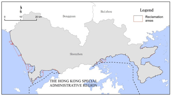 Distribution map of reclamation areas in Shenzhen.(Blue represents the sea, white represents the land, and gray represents the land of Shenzhen).
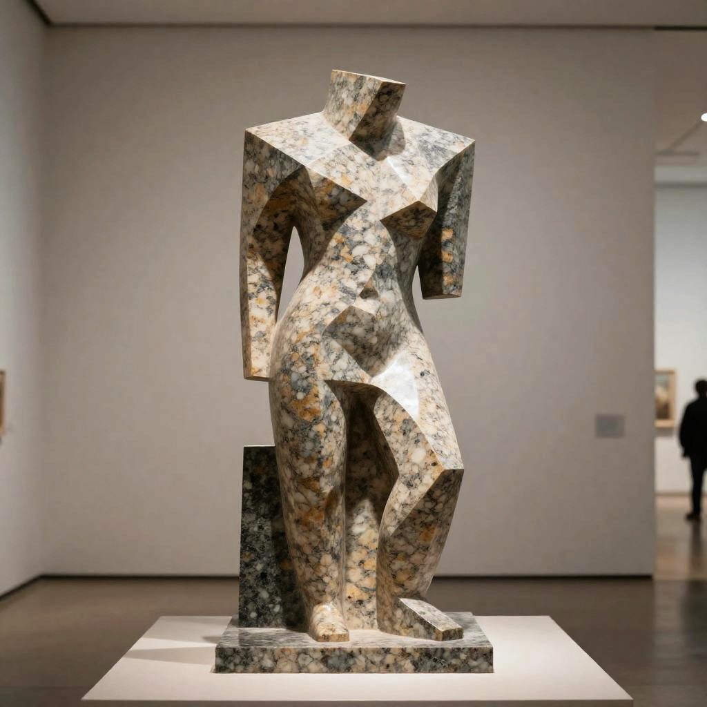 Modern art scolpito abstract figure, featuring sharp geometric edges and smooth curves mingled harmoniously, polished granite surface reflecting ambient light, set inside a minimalist museum space with neutral tones.
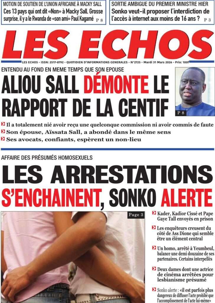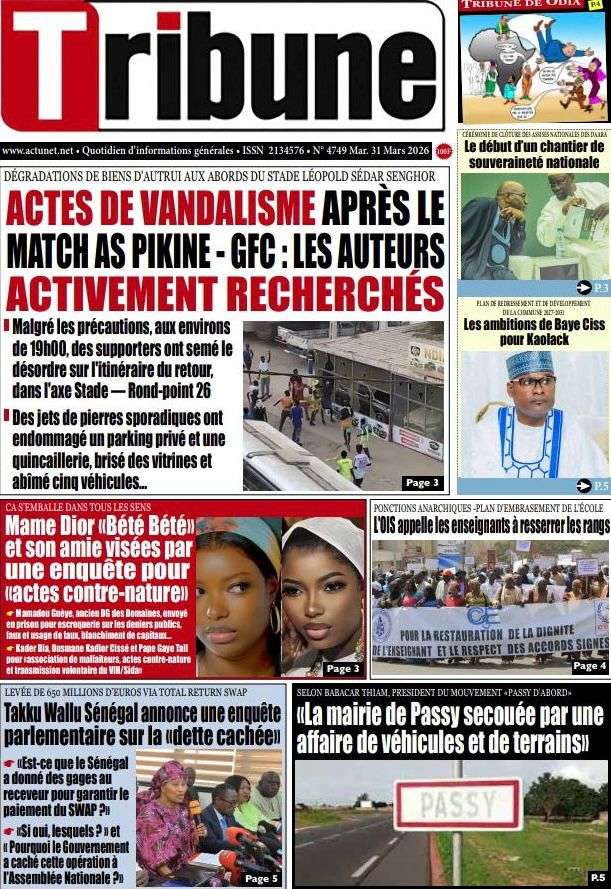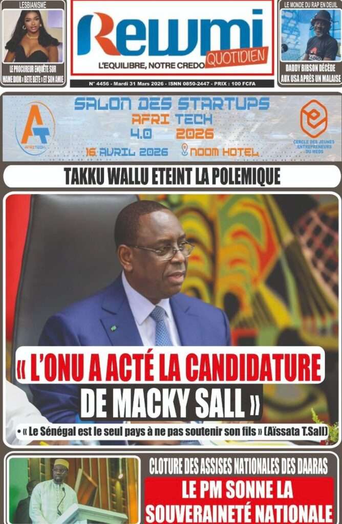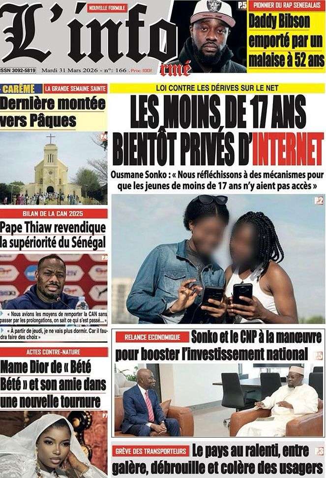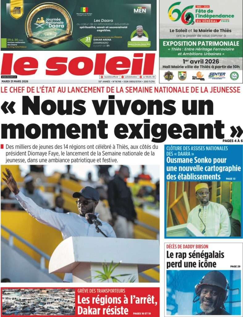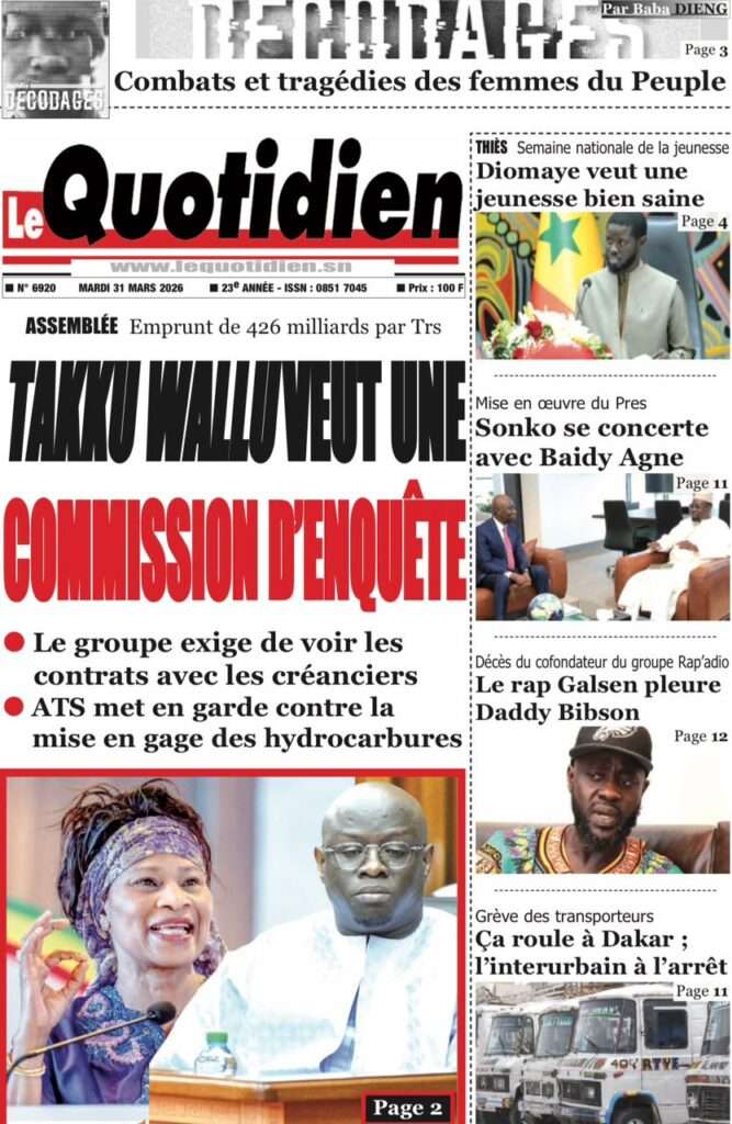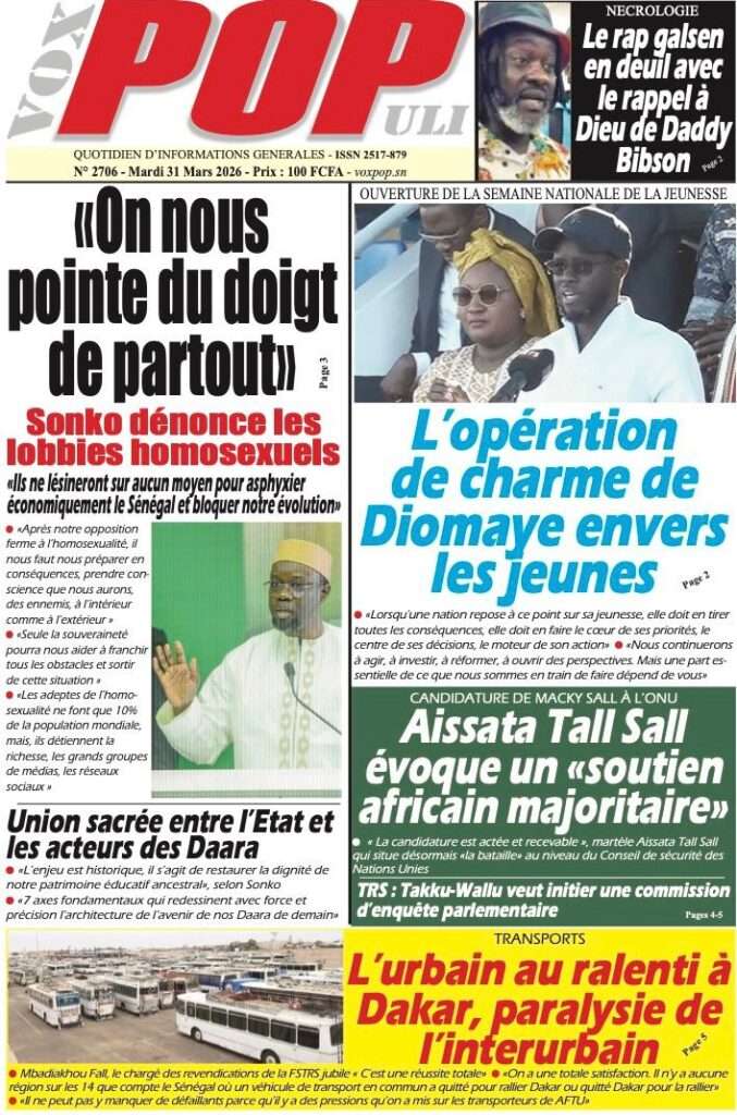 A la Une Actualité Une Des Quotidiens – Mardi 31 Mars 2026 (Avec Ma Revue De Presse) Bour Sine mars 31, 2026 0 Post navigation Previous: Nécrologie : Décès du rappeur Daddy Bibson, pionnier du rap wolofNext: Durcissement des sanctions contre l’homosexualité : la loi promulguée par le président Diomaye More Stories A la Une Actualité Politique Ce que change la nouvelle loi électorale adoptée par les députés Bour Sine avril 28, 2026 0 A la Une Actualité Politique « Ensemble, nous sommes une force »Par Hamidou Thiaw, Président du MPR Bour Sine avril 28, 2026 0 A la Une Actualité Pape Malick Ndour envoyé en prison Bour Sine avril 28, 2026 0 Laisser un commentaire Annuler la réponseVotre adresse e-mail ne sera pas publiée. Les champs obligatoires sont indiqués avec *Commentaire * Nom * E-mail * Site web Enregistrer mon nom, mon e-mail et mon site dans le navigateur pour mon prochain commentaire.
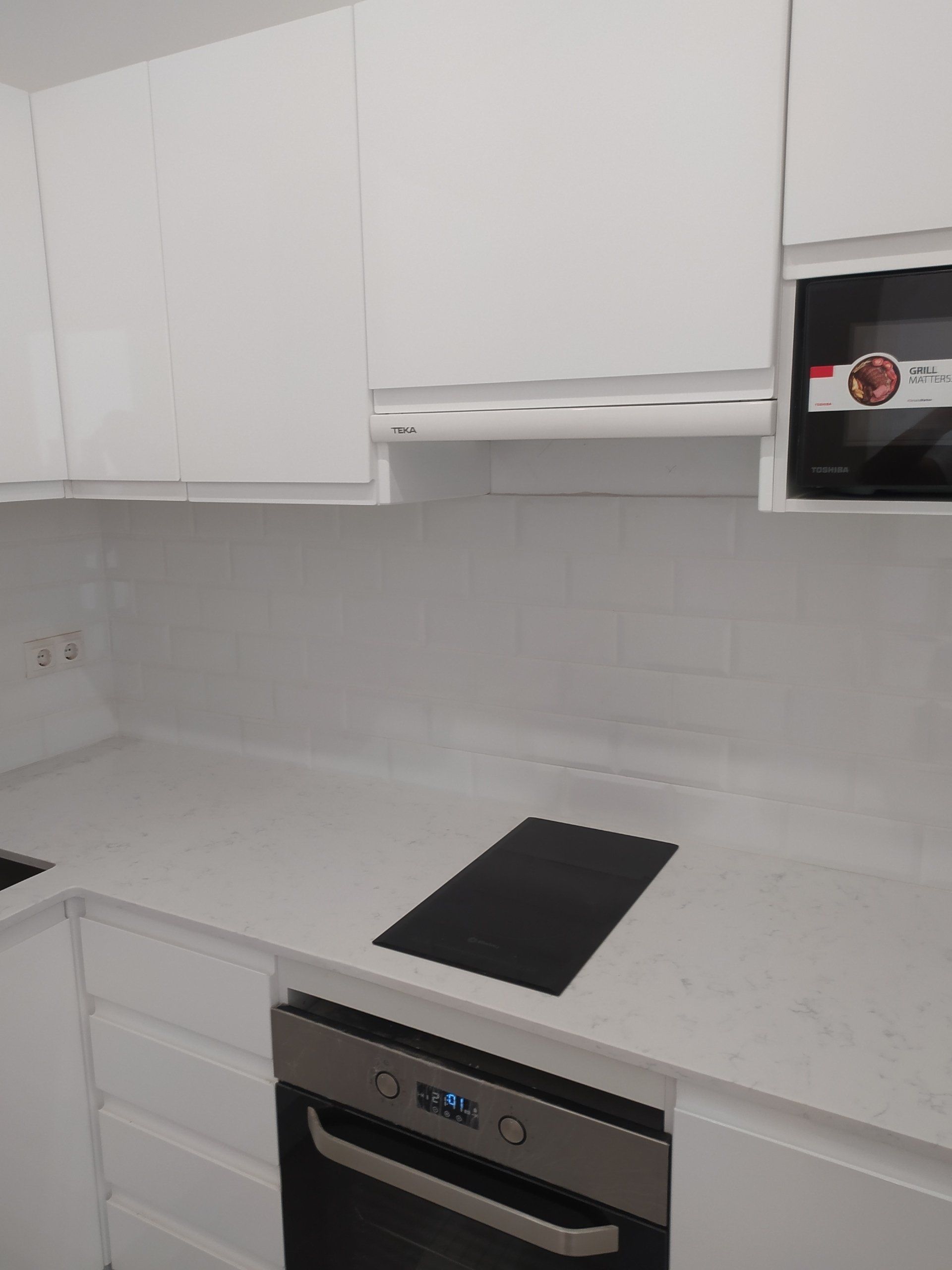 Y el revestimiento de la cocina es lo primero que vemos, en este caso hemos realizalo la instalación de unas cocinas con puertas lacadas.
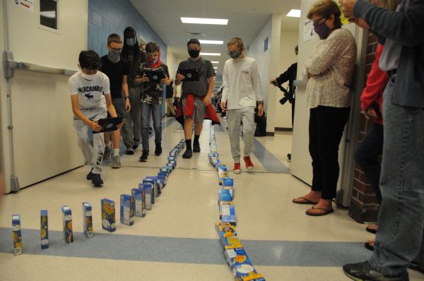 A group of students follows the path of the boxes through the hallway of Woodlawn Beach Middle School. Photo by Brian Lester
=======
What is needed: Leave the pictures out and print the whole listing precisely.

Solved exercise:
 Distribution map of reclamation areas in Shenzhen.(Blue represents the sea, white represents the land, and gray represents the land of Shenzhen).
 Modern art scolpito abstract figure, featuring sharp geometric edges and smooth curves mingled harmoniously, polished granite surface reflecting ambient light, set inside a minimalist museum space with neutral tones.
 A la Une Actualité Une Des Quotidiens – Mardi 31 Mars 2026 (Avec Ma Revue De Presse) Bour Sine mars 31, 2026 0 Post navigation Previous: Nécrologie : Décès du rappeur Daddy Bibson, pionnier du rap wolofNext: Durcissement des sanctions contre l’homosexualité : la loi promulguée par le président Diomaye More Stories A la Une Actualité Politique Ce que change la nouvelle loi électorale adoptée par les députés Bour Sine avril 28, 2026 0 A la Une Actualité Politique « Ensemble, nous sommes une force »Par Hamidou Thiaw, Président du MPR Bour Sine avril 28, 2026 0 A la Une Actualité Pape Malick Ndour envoyé en prison Bour Sine avril 28, 2026 0 Laisser un commentaire Annuler la réponseVotre adresse e-mail ne sera pas publiée. Les champs obligatoires sont indiqués avec *Commentaire * Nom * E-mail * Site web Enregistrer mon nom, mon e-mail et mon site dans le navigateur pour mon prochain commentaire.
 Y el revestimiento de la cocina es lo primero que vemos, en este caso hemos realizalo la instalación de unas cocinas con puertas lacadas.
 A group of students follows the path of the boxes through the hallway of Woodlawn Beach Middle School. Photo by Brian Lester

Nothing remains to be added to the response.